Она стыдливо покосилась на окно купе.

– Давай не здесь, Сашенька, – сказала она, мягко, но настойчиво отстраняясь от него. – Нехорошо как-то – люди смотрят.

– Пусть смотрят!

– Не надо, Саша… Пойдем куда-нибудь, посидим, поговорим. Хорошо? Я очень по тебе соскучилась.

Она с надеждой посмотрела на него:

– Я думала, что больше тебя никогда не увижу.

– Какие глупости! Но как ты узнала, что я здесь?

Глаза Виорики стали грустными и заблестели от слез.

– Не надо. Я не хочу об этом, – и предложила: – Поехали к тебе.

Уже ночью, в убаюканной темнотой квартире, она прижималась к нему теснее:

– Я вот сплю, и снишься ты мне, – шептала она ему, играя локоном его волос. – Стоишь у дверей квартиры, но не входишь. Грустный такой. Я просыпалась и бежала открывать, но никого не было. Можешь мне не верить, но после таких снов я получала от тебя письмо, – она засмеялась, прильнув щекой к его груди. – Очень хорошие письма. Я забрала их с собой.

– Куда? – необдуманно, просто так, спросил он.

– Это неважно, любимый – обыкновенные женские тайны… Я жила твоими письмами, – и вдруг спохватилась. – Ты же… Тебя ранили! Больно было?
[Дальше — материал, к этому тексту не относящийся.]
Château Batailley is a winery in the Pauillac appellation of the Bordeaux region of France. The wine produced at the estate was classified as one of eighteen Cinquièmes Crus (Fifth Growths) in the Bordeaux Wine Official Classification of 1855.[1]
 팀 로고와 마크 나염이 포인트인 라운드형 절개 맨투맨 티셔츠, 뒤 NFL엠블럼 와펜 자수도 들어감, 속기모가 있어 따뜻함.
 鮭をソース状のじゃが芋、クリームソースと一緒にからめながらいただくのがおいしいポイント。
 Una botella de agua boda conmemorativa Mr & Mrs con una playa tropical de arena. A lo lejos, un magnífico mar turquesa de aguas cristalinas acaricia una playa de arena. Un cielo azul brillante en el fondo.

– Я тебе об этом не писал, – удивился Саша. – Снова тайна?

Она положила ладонь на его губы:

– Не надо больше об этом.

– О чем?

– О тайнах. Я устала от них и хочу только тебя, пока есть время.

Александр любил ее, удивляясь своей силе. Так, в страсти, прогорела ночь.
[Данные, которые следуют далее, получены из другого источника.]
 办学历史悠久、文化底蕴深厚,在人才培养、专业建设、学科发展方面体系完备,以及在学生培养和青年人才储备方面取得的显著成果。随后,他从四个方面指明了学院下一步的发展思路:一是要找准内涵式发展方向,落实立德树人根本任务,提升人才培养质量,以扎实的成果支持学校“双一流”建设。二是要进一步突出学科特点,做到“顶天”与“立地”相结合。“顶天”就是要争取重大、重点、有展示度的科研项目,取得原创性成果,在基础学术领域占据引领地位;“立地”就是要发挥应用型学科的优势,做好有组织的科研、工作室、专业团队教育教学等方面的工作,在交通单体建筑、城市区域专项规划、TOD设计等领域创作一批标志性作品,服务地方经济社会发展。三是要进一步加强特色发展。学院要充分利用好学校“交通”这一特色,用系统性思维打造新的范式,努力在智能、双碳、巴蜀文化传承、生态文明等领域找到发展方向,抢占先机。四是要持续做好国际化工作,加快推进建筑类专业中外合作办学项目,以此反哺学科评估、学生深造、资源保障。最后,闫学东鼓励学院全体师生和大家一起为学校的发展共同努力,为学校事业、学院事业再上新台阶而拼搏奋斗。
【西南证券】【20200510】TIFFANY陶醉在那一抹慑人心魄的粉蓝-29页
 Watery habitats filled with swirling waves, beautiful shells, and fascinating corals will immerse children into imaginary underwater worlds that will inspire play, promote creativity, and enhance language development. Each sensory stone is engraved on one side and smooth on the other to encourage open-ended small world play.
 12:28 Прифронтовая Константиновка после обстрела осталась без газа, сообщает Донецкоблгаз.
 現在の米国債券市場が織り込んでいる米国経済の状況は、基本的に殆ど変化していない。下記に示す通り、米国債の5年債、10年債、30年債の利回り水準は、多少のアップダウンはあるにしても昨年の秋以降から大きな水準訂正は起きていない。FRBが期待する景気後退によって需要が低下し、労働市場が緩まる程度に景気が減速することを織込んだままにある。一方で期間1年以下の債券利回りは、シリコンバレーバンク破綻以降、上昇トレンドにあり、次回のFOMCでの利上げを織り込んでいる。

Только-только чернота ночи стала разбавляться жидкими утренними сумерками, Виорика встала с постели и стала собираться.

– Ты куда? – спросил с удивлением Александр.
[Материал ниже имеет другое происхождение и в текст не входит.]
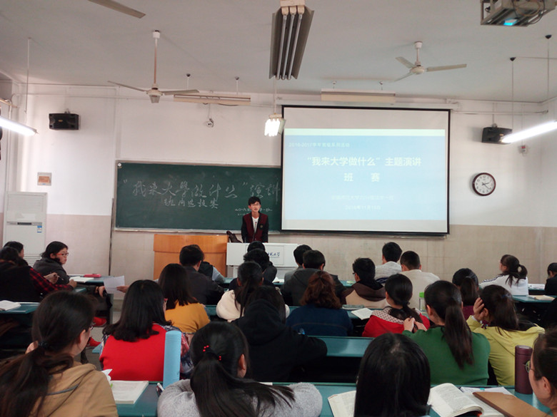 11月15日,在思修课授课教师王艳老师的指导下,2016级法学一班于2020505教室进行“我来大学干什么”主题演讲班内选拔赛。此次活动由组织委员梁海峰主持,思修课代课老师赵老师、助教夏老师以及16级法学一班全体同学参加。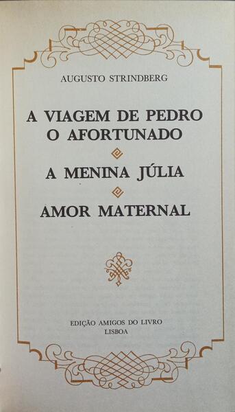 Clique nas imagens para aumentar. STRINDBERG. (August) A VIAGEM DE PEDRO, O AFORTUNADO. A MENINA JÚLIA. AMOR MATERNAL.[Por] Augusto Strindberg. Grandes Clássicos da Literatura Mundial. Edição Amigos do Livro. Lisboa. [D.L. 1977] De 20x12,5 cm. Com 305, [vi] págs. Encadernação do editor, com fita marcadora em tira de cetim. Ilustrado em extratexto com gravuras a preto e branco. Referência: 2511RS222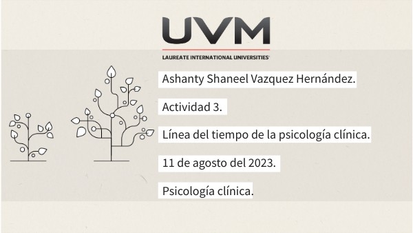 Ashanty Shaneel Vazquez Hernández. Actividad 3. Línea del tiempo de la psicología clínica. 11 de agosto del 2023. Psicología clínica.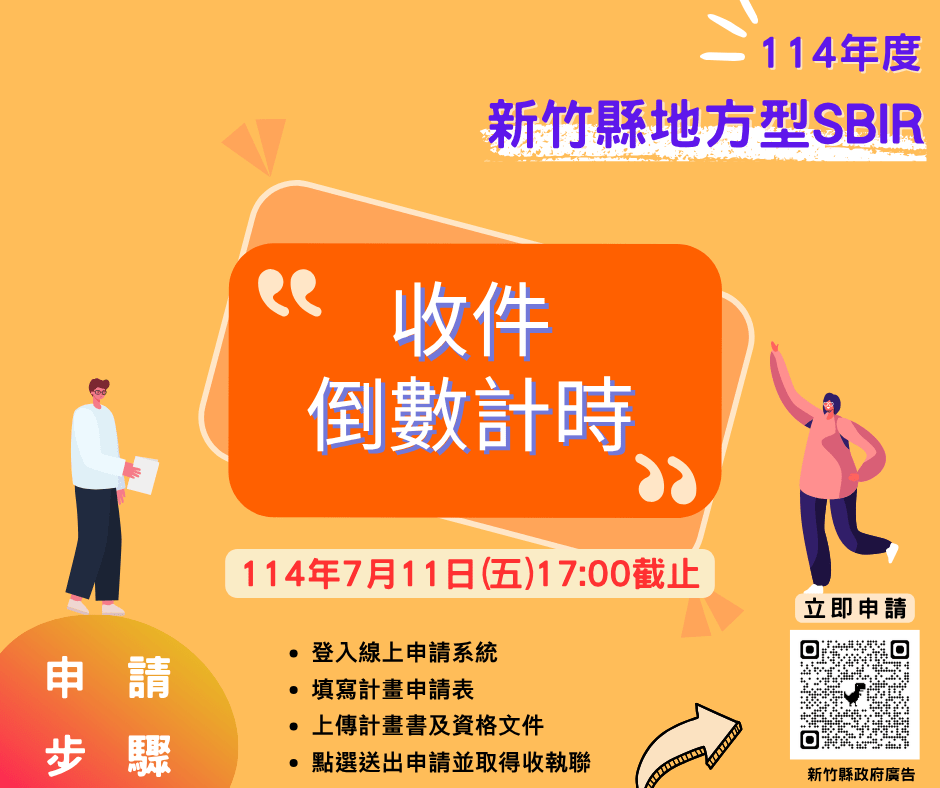 114年度新竹縣地方型SBIR收件時間提醒!

– Все. Мне пора, – от недавней ласки и тепла не осталось и следа. Ее голос был суров и непреклонен. – Действительно пора.

– Вика, – взмолился он, – я совершенно ничего не понимаю. Сядь, пожалуйста, и объясни.

Я ничего не могу объяснить, но обещаю, что скоро мы встретимся вновь, и тогда ты во всем разберешься сам.

– Мне надоели эти тайны! – не выдержал и вспылил он. – Я имею право знать!

Но она не обращала не его отчаяние никакого внимания, спокойно расчесывая волосы у зеркала. Он вскочил с кровати, побежал на кухню, где за пять минут сварил кофе, и, вернувшись в комнату, вылил его на ее белоснежное платье.

– Теперь ты никуда не уйдешь, – заключил он, демонстрируя Вике свою «работу». – Я тоже имею полное право делать глупости…

Она отвернулась от зеркала и увидела свою одежду. В следующее мгновение Александр оглох и ослеп от какого-то странного взрыва, вспышки и рева, словно кроме двоих людей в квартире было еще какое-то страшное животное; что-то толкнуло его с такой силой, что он взлетел в воздух и ударился о стену. Боль была настолько сильна, что на несколько секунд лишила его сознания.